Source material:
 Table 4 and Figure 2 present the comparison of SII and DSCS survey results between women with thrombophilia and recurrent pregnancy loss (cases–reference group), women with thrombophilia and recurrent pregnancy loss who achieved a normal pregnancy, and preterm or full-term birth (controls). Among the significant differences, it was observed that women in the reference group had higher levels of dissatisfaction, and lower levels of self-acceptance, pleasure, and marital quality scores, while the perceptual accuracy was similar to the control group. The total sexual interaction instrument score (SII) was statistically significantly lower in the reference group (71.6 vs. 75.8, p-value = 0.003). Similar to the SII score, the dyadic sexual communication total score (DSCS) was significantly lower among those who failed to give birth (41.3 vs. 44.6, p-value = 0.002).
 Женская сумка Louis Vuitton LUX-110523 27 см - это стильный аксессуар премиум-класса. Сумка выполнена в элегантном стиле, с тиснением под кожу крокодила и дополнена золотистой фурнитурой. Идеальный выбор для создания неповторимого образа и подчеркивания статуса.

--

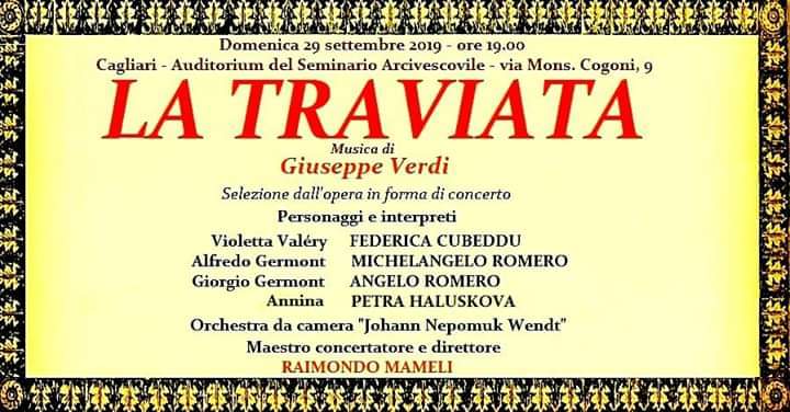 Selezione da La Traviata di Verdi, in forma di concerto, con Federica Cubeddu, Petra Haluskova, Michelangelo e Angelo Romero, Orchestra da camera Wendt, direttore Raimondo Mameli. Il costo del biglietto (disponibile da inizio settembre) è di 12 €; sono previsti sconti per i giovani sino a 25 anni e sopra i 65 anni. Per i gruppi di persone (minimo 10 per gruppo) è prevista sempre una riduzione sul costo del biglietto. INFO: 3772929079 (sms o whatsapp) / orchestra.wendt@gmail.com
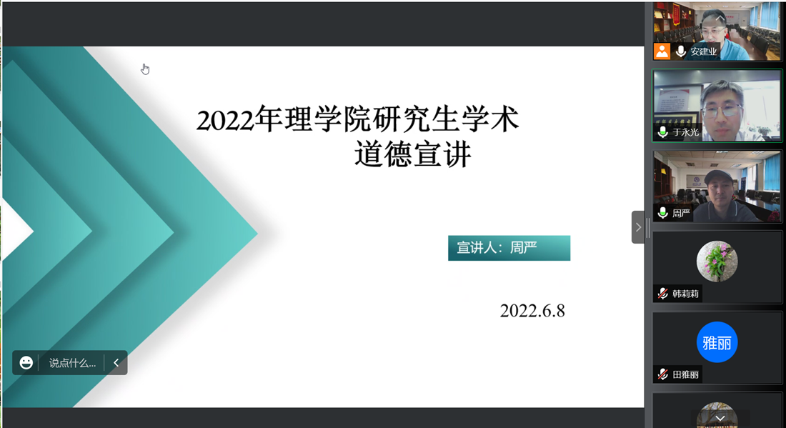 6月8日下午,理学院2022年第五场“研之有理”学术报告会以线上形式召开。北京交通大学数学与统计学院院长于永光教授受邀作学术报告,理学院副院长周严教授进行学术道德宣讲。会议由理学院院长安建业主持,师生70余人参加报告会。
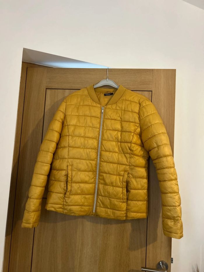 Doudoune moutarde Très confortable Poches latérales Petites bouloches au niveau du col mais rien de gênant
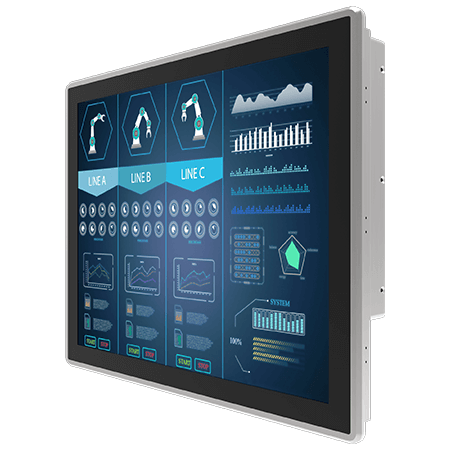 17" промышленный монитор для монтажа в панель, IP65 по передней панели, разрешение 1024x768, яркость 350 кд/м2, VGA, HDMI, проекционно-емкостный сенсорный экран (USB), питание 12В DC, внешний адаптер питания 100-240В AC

What the task asks:
Find the line with "6月8日下午,理学院2022" in the entries above. Set down exactly every line from it up to and including the line with "Doudoune moutarde Très", images excluded.

Result of this exercise:
 6月8日下午,理学院2022年第五场“研之有理”学术报告会以线上形式召开。北京交通大学数学与统计学院院长于永光教授受邀作学术报告,理学院副院长周严教授进行学术道德宣讲。会议由理学院院长安建业主持,师生70余人参加报告会。
 Doudoune moutarde Très confortable Poches latérales Petites bouloches au niveau du col mais rien de gênant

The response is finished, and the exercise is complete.